**EXERCISE**
Write exactly the lines running from the start of the material below to the line that includes "eb_kemo表示自己一直有", and include no pictures.

**DATASET RECORDS**
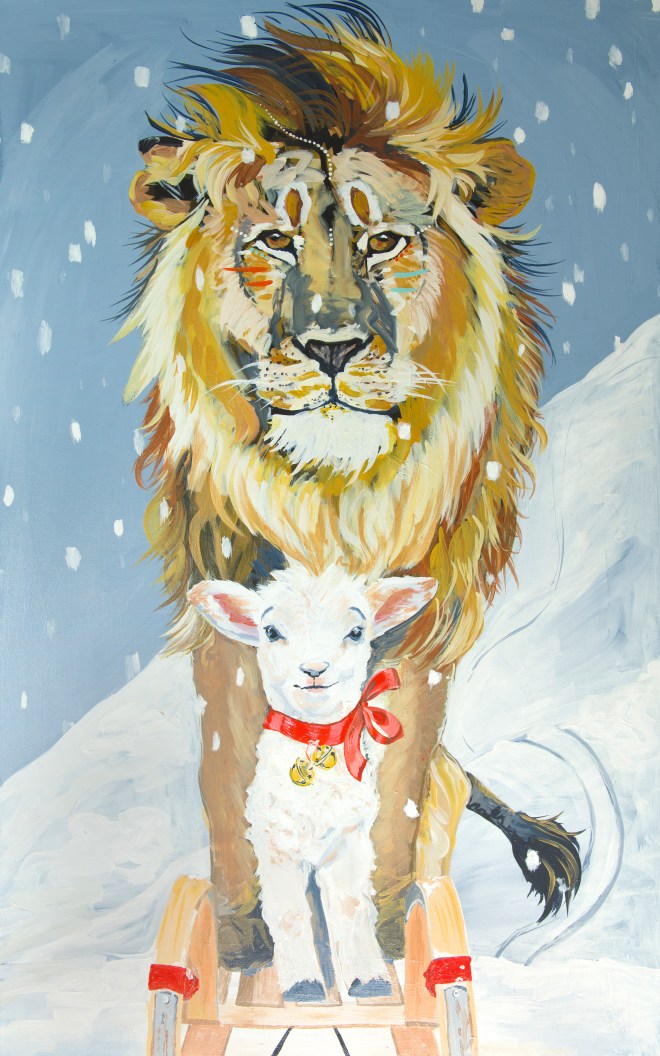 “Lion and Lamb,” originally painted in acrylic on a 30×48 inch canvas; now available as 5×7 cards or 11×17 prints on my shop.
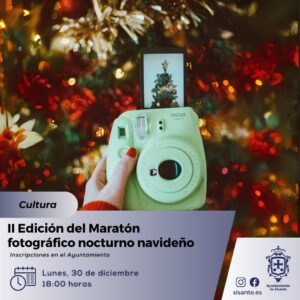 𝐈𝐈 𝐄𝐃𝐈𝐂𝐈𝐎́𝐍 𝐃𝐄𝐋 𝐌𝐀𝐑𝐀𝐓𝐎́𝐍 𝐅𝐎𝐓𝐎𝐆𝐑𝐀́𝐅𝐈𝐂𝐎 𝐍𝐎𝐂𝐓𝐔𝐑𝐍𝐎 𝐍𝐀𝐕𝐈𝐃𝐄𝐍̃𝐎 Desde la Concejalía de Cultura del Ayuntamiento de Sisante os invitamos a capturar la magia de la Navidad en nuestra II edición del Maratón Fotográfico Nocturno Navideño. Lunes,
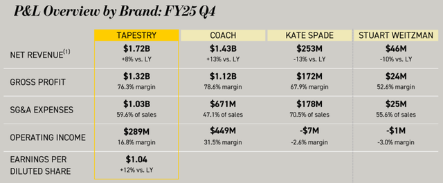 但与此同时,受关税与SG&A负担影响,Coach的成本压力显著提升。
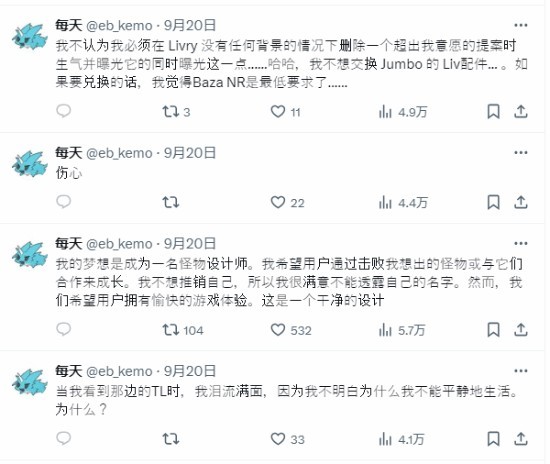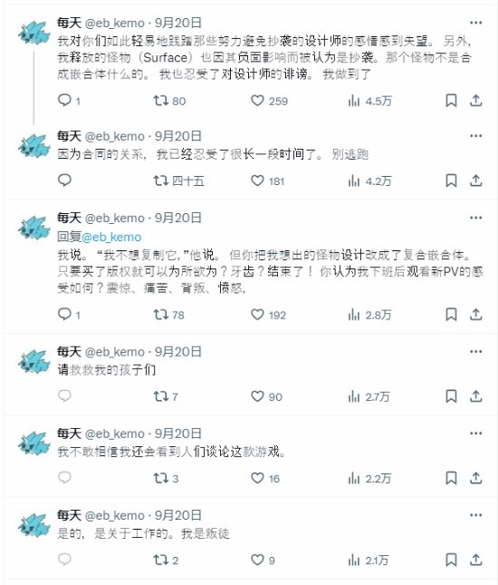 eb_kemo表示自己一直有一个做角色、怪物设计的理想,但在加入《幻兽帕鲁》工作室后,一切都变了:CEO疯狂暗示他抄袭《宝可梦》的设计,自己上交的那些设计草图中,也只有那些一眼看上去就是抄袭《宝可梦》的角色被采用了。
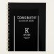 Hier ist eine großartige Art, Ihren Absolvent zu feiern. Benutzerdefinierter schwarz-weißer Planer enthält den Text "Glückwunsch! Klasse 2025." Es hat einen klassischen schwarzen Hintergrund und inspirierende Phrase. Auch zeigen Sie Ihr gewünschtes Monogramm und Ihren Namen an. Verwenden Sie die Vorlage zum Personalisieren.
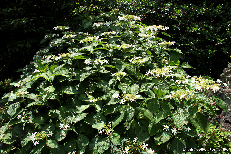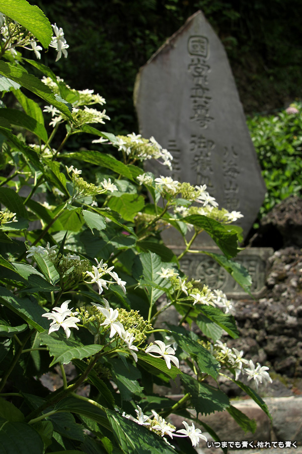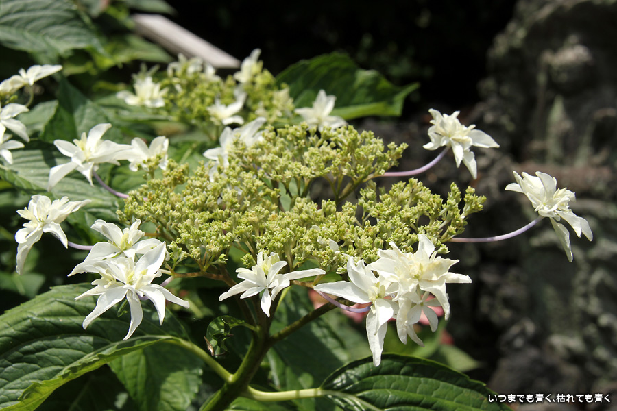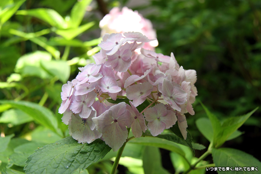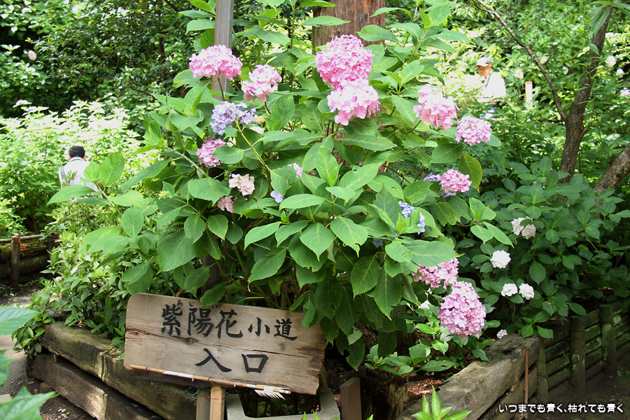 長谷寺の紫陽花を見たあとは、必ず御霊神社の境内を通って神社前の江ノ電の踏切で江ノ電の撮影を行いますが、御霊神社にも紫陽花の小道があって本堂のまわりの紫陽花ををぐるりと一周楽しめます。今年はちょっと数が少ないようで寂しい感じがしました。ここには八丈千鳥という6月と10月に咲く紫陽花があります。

**OUTPUT OF THE EXERCISE**
 “Lion and Lamb,” originally painted in acrylic on a 30×48 inch canvas; now available as 5×7 cards or 11×17 prints on my shop.
 𝐈𝐈 𝐄𝐃𝐈𝐂𝐈𝐎́𝐍 𝐃𝐄𝐋 𝐌𝐀𝐑𝐀𝐓𝐎́𝐍 𝐅𝐎𝐓𝐎𝐆𝐑𝐀́𝐅𝐈𝐂𝐎 𝐍𝐎𝐂𝐓𝐔𝐑𝐍𝐎 𝐍𝐀𝐕𝐈𝐃𝐄𝐍̃𝐎 Desde la Concejalía de Cultura del Ayuntamiento de Sisante os invitamos a capturar la magia de la Navidad en nuestra II edición del Maratón Fotográfico Nocturno Navideño. Lunes,
 但与此同时,受关税与SG&A负担影响,Coach的成本压力显著提升。
 eb_kemo表示自己一直有一个做角色、怪物设计的理想,但在加入《幻兽帕鲁》工作室后,一切都变了:CEO疯狂暗示他抄袭《宝可梦》的设计,自己上交的那些设计草图中,也只有那些一眼看上去就是抄袭《宝可梦》的角色被采用了。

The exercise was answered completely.